NOTICE OF CLAIM UNDER SECTION 5, CLAIMS BY AND AGAINST THE WESTERN HIGHLANDS PROVINCIAL AND LOCAL-LEVEL GOVERNMENT ACT

11. All the major issues will be addressed together.

12. Ms Ngomba of counsel for the appellant contends that the appeal should be upheld as the trial judge erred in not dismissing the National Court proceedings when there was no evidence produced by the respondent, the onus of proof being on it, to demonstrate that notice of its claim was given to the appellant in accordance with Section 5 of the Provincial Claims Act. The appellant argued that notice required to be given was a condition precedent to the issuing of a writ of summons against it.

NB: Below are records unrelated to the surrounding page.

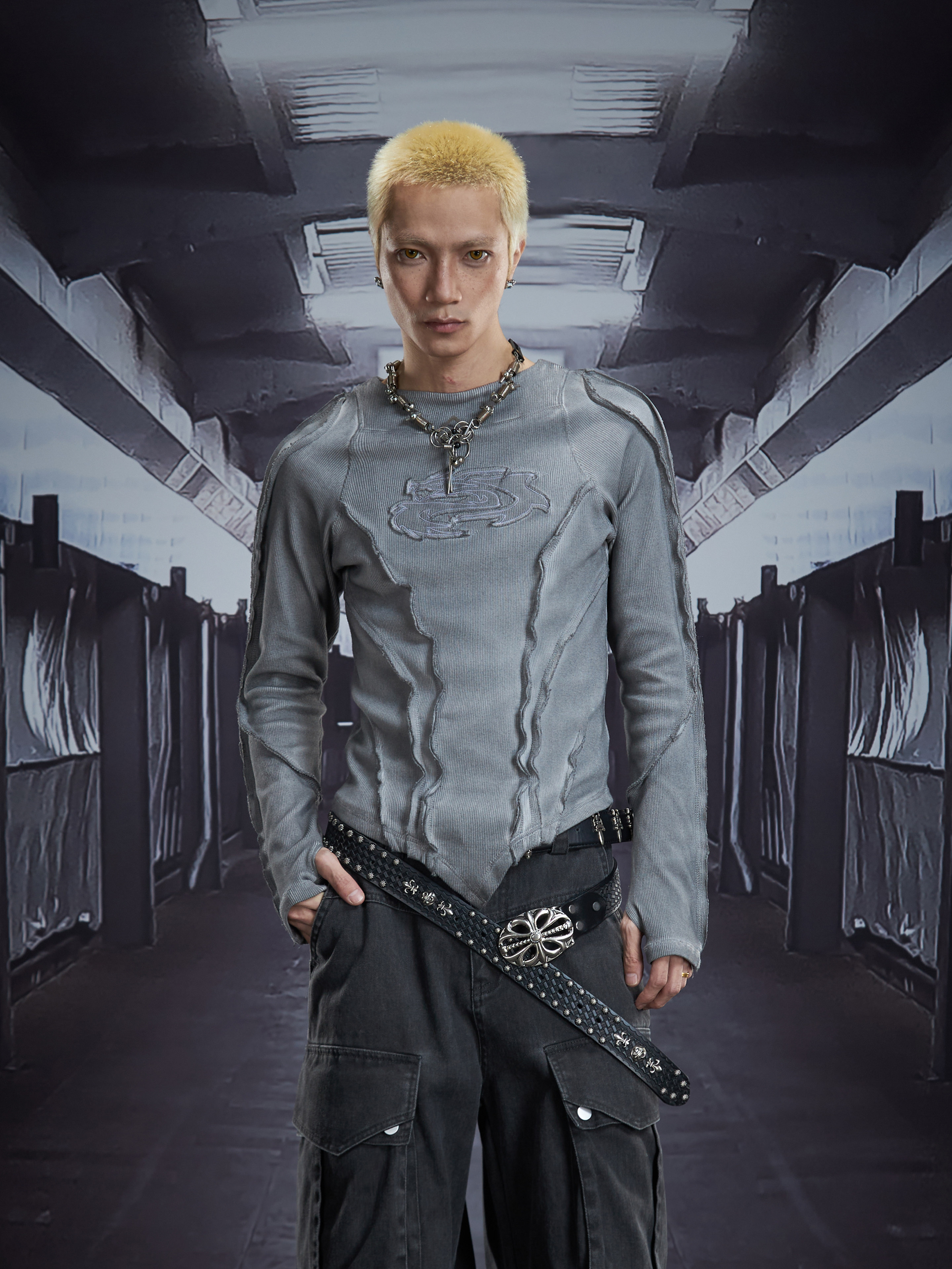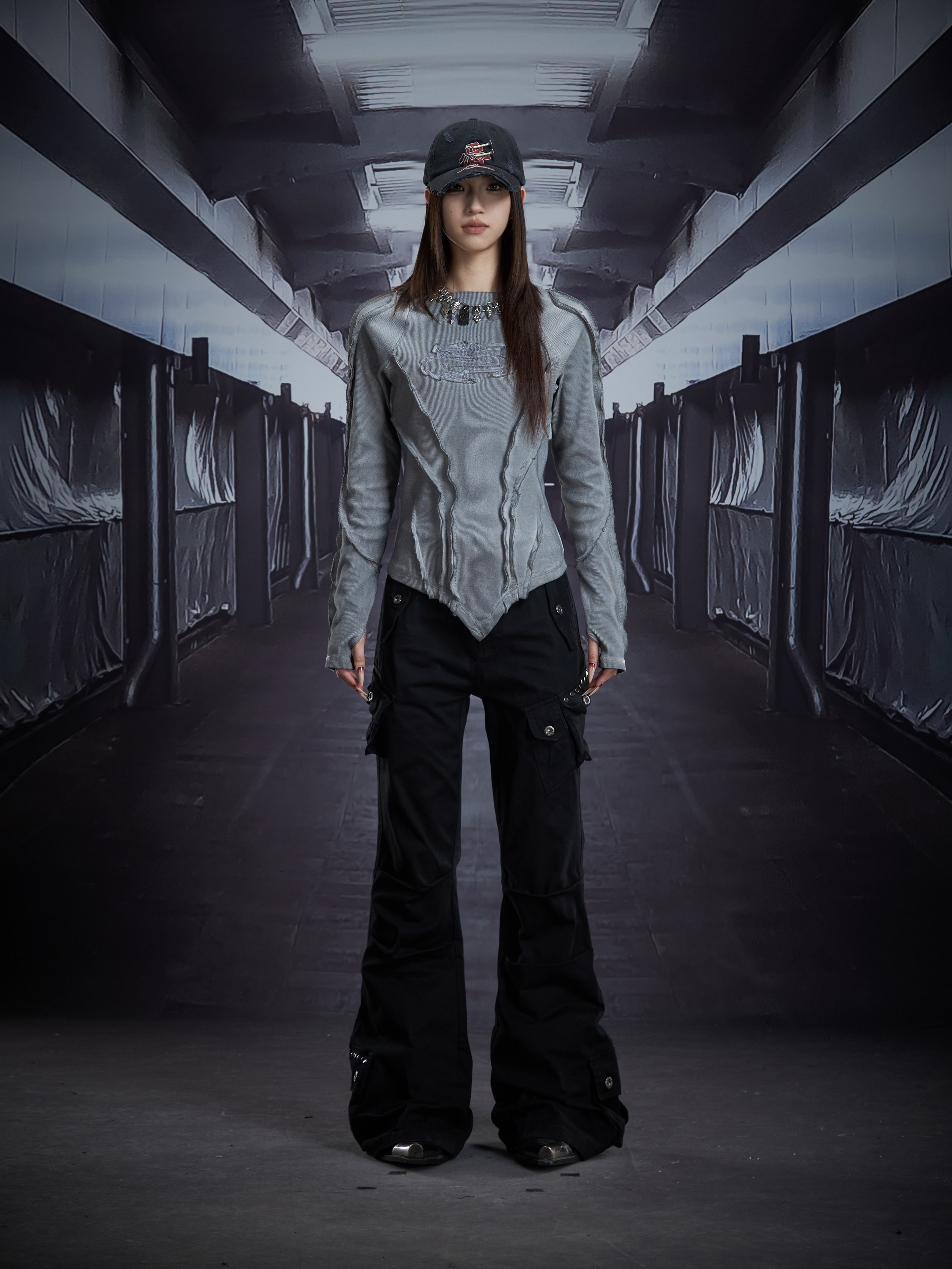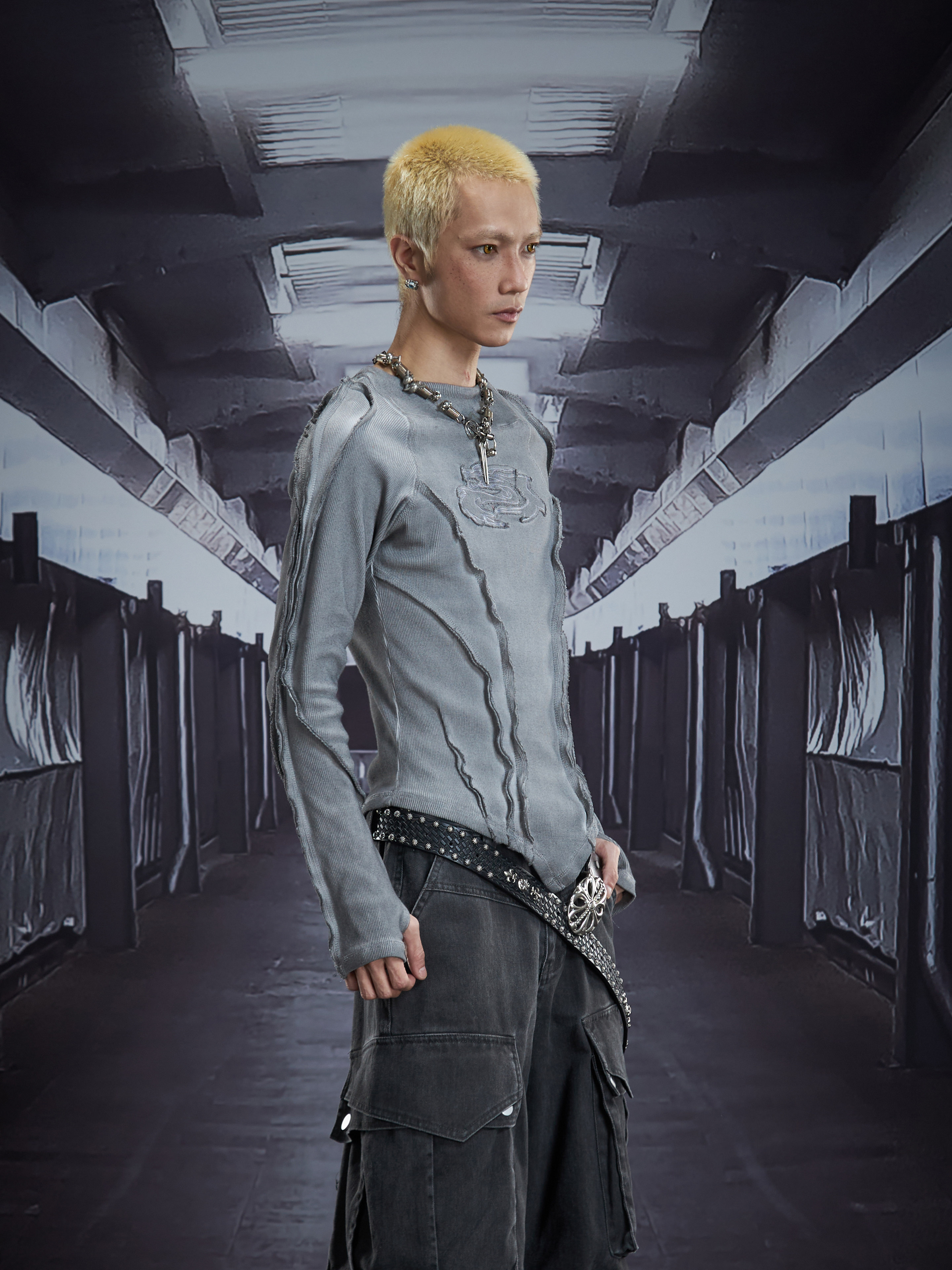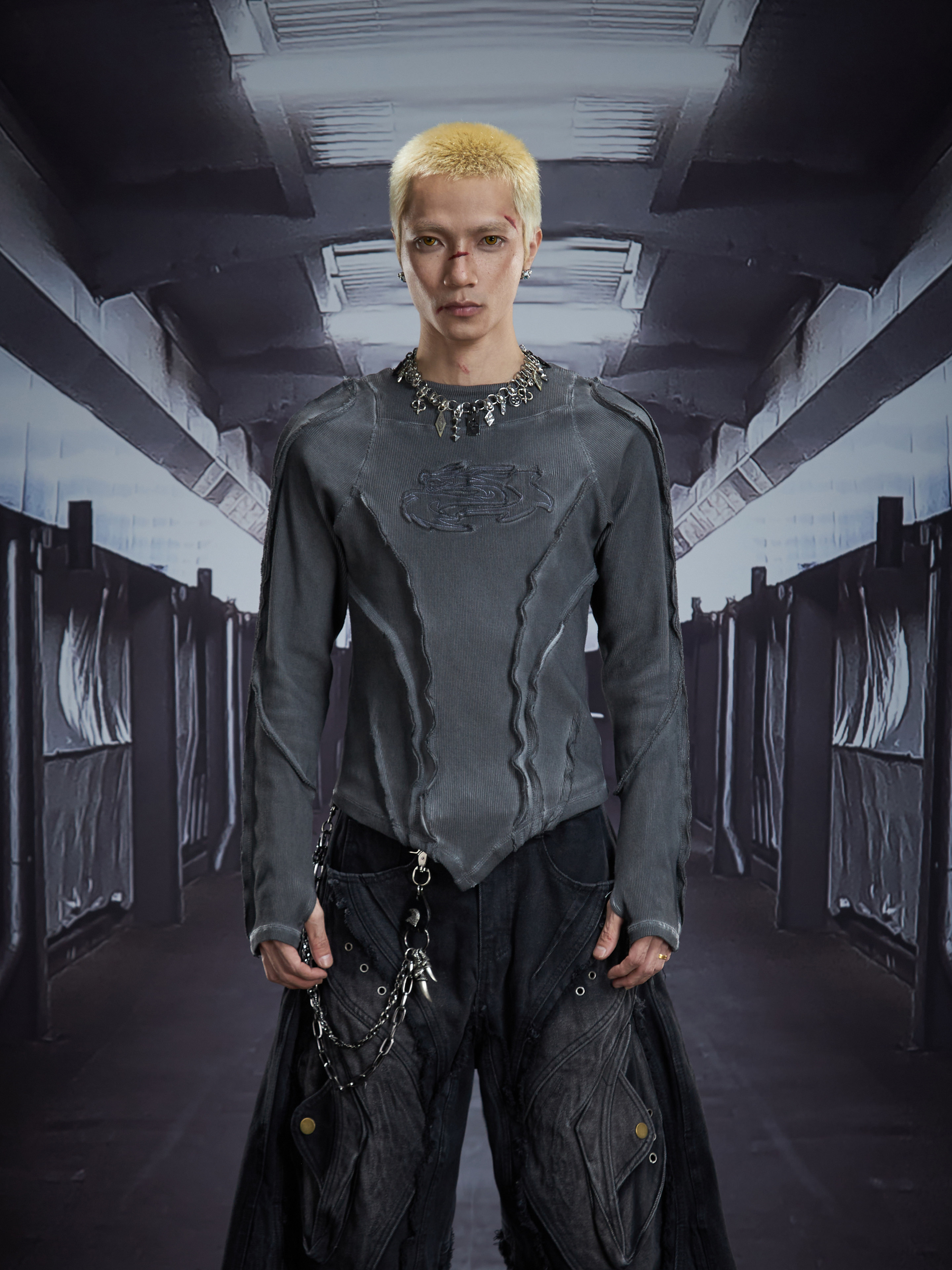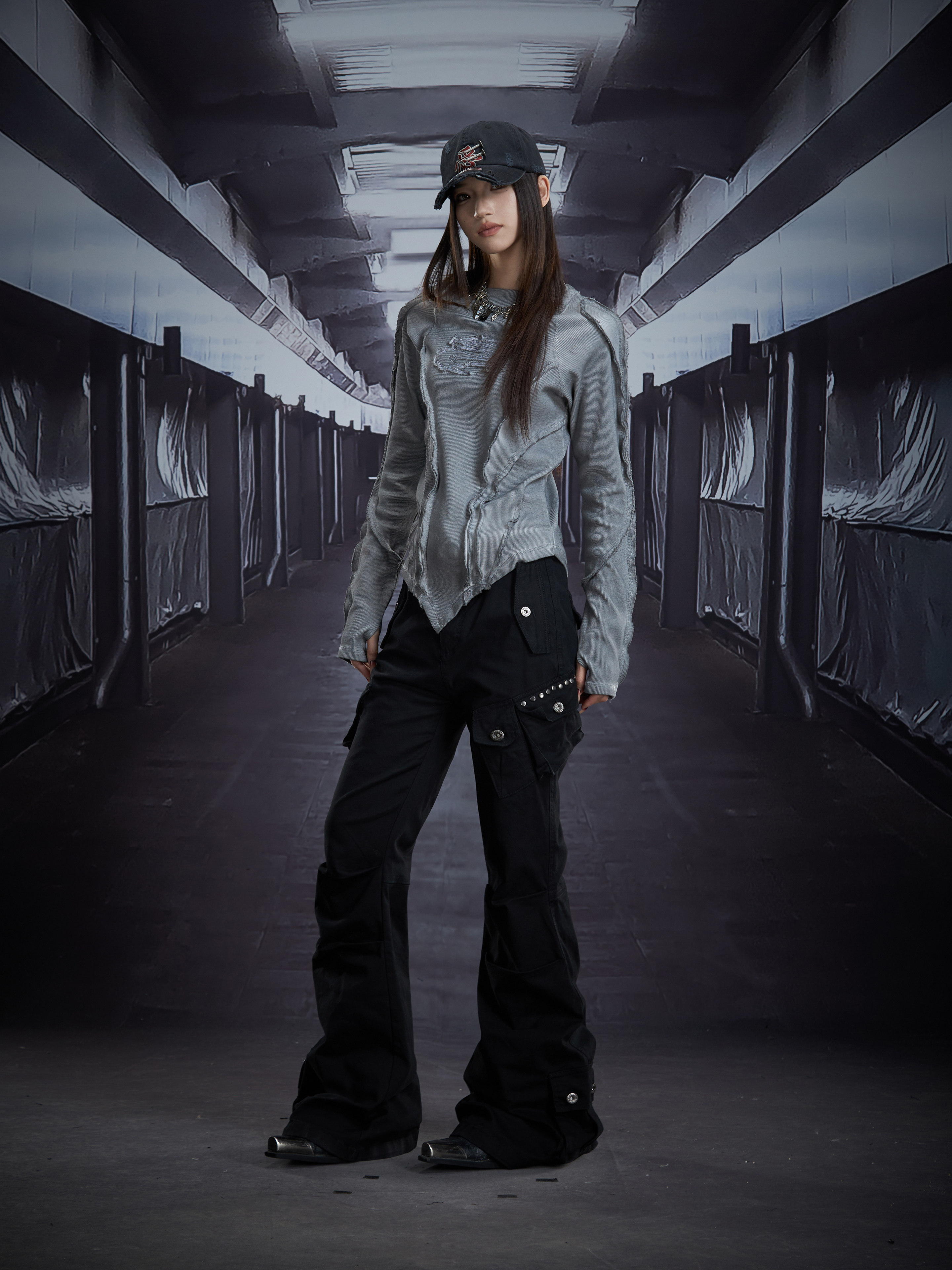Deconstruct V-Hem Wash Damage High Elastic Long Sleeve T-Shirt WN22876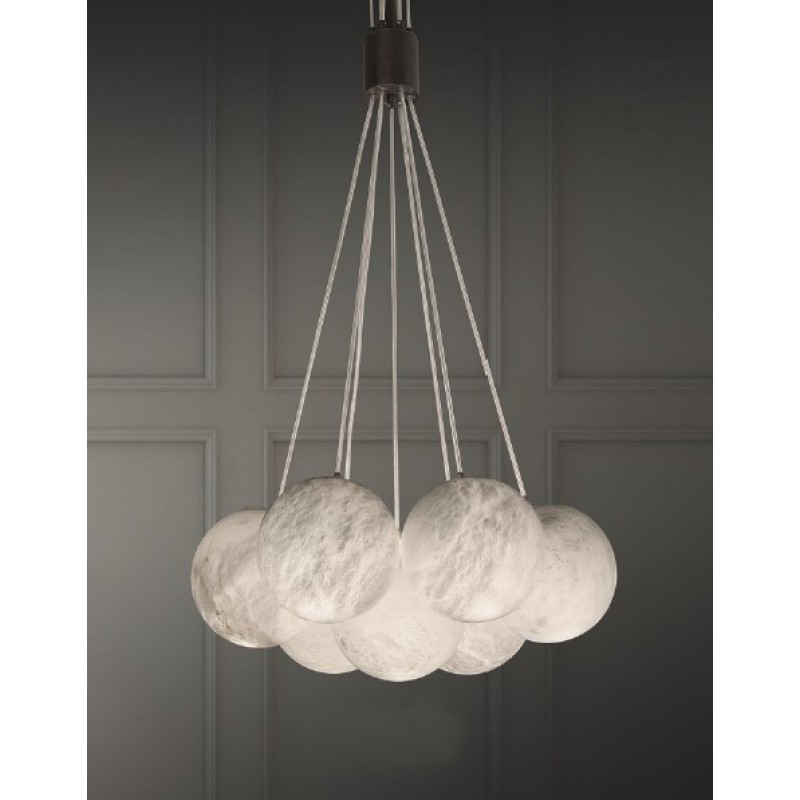 The BELLA SPHERE chandeliers hang in powerful, satisfied bundles. They form architecturally diverse arrangements that can be combined in sets of three, seven or nine spheres. Because our lighting are made by a workforce that still relies on traditional working methods, each product is unique and carries with it sensitivity of the artisan. Attract attention, provoke emotion to what the imagination with games of light and matter, such as the ambition and the creative spark of existing elements of the space.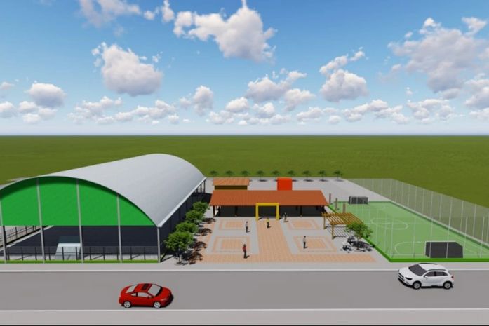 O complexo será composto de quadra coberta, área de lazer para eventos tipo churrascos, confraternizações da comunidade, eventos de igrejas e mais um campo society.

13. Ms Ggomba handed up copies of the Provincial Claims Act at the hearing. Section 5 of the Provincial Claims Act relevantly states:

NOTICE OF CLAIMS AGAINST THE WESTERN HIGHLANDS PROVINCIAL AND LOCAL LEVEL GOVERNMENT

(1) No action to enforce any claim against the Western Highlands Provincial and Local Level Government lies against the Western Highlands Provincial and Local Level Government unless notice in writing of intention to make a claim is given in accordance with this section by the claimant to –

(a) the Administrator of Western Highlands Provincial Government; or

(b) the Governor.

(2) A notice under this section shall be given –

(a) within a period of six months after the occurrence out of which the claim arose; or

(b) where the claim is for breach of contract, within a period of six months after the claimant became aware of the alleged breach; or

(c) within such further period as –

(i) the Provincial Administrator; or

(ii) the court before which the action is instituted, on sufficient cause being shown, allows.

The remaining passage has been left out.